Table 8. Per-class scores in automatic multi-class classification, eGeMAPS feature set, testing on 33 samples from subjective evaluations.
Table 9. Overall scores in automaticmulti-class classification, eGeMAPS feature set, testing on 33 samples from subjective evaluations.
As a result of the comparison of the subjective evaluation and automatic emo-tional speech recognition, we can conclude:
  • Humans are able to identify emotional states in Russian children’s emotional speech above chance. Following [13], this ensures the emotional quality and naturalness of the emotions in the collected corpus of Russian children’s emotional speech.
  • The performance of automatic emotion recognition using state-of-the-art ML algorithms/classifiers trained on the collected corpus is at least comparable to the performance of perception tests. This also proves that the collected corpus can be used to build automatic systems for emotion recognition in Russian children’s emotion speech.

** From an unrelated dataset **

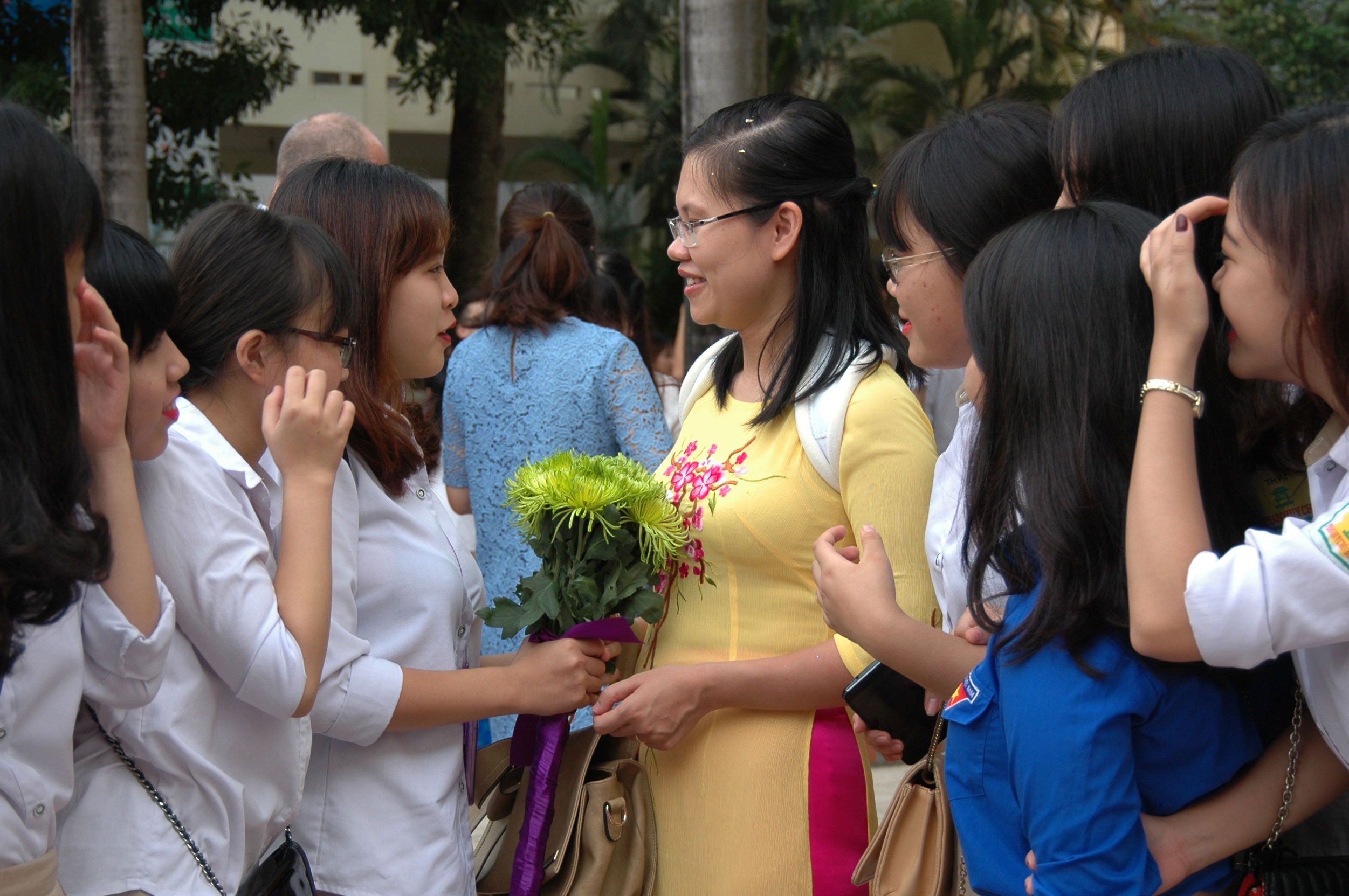 Học sinh tặng hoa tri ân các thầy cô giáo

6. Discussion and Conclusions

Our experiments were conducted on our proprietary dataset of children’s emotional speech in the Russian language of the younger school age group [21]. To our knowledge, this is the only such database.
We have conducted a validation of our dataset based on classical ML algorithms, such as SVM and MLP. The validation was performed using standard procedures and scenarios of the validation similar to other well-known databases of children’s emotional speech.
First of all, we demonstrated the following performance of automatic multiclass recognition (four emotion classes): SVM Overall Accuracy = 0.903, UAR = 0.807, and also MLP Overall Accuracy = 0.911, UAR = 0.822 are superior to the results of the perceptual test with Overall Accuracy = 0.898 and UAR = 0.795. Moreover, the results of automatic recognition on the test dataset, which consists of 33 samples used in the perceptual test, are even better: SVM Overall Accuracy = 0.924, UAR = 0.851, and also MLP Overall Accuracy = 0.924, UAR = 0.847. This can be explained by the fact that for the perceptual test we selected samples with clearly expressed emotions.
Second, a comparison with the results of validation of other databases of children’s emotional speech on the same and other classifiers showed that our database contains reliable samples of children’s emotional speech which can be used to develop various edutainment [76], health care, etc. applications using different types of classifiers.
The above confirms that this database is a valuable resource for researching the affective reactions in speech communication between a child and a computer in Russian.
Nevertheless, there are some aspects of this study that need to be improved.
First, the most important challenge in the applications mentioned above is how to automatically recognize a child’s emotions with the highest possible performance. Thus, the accuracy of the speech emotion recognition must be improved. The most prominent way to solve the problem is use deep learning techniques. However, one of the significant issues in deep learning-based SER is the limited size of the datasets. Thus, we need larger datasets of children’s speech. One of the suitable solutions we suggest is to study the creation of a fully synthetic dataset using generative techniques trained on available datasets [77]. GAN-based techniques have already shown success for similar problems and would be candidates for solving this problem as well. Moreover, we can use generative models to create noisy samples and try to design a noise-robust model for SER in real-world child communications including various gadgets for atypical children.
Secondly, other sources of information for SER should be considered, such as children’s face expression, posture, and motion.
In the future, we intend to improve the accuracy of the automatic SER by
  • extending our corpus of children’s emotional speech to be able to train deep neural networks of different architectures;
  • using multiple modalities such as facial expressions [58], head and body movements, etc.

Author Contributions

Conceptualization, Y.M. and A.M.; methodology, Y.M.; software, A.M.; validation, O.F., E.L. and Y.M.; formal analysis, N.R., O.F. and E.L.; investigation, A.M. and Y.M.; resources, O.F. and E.L.; data curation, N.R., O.F. and E.L.; writing—original draft preparation, Y.M.; writing—review and editing, Y.M., A.M., O.F. and E.L.; visualization, A.M.; supervision, Y.M.; project administration, Y.M. and E.L.; funding acquisition, E.L. All authors have read and agreed to the published version of the manuscript.

Funding

The research was financially supported by the Russian Foundation for Basic Research (projects 19-57-45008–IND) and Russian Science Foundation (project 22-45-02007). Database collection and selection the feature set, powerful to distinguish between different emotions were financially supported by the RFBR project 19-57-45008; automatic emotion speech classification was financially supported by the RSF project 22-45-02007.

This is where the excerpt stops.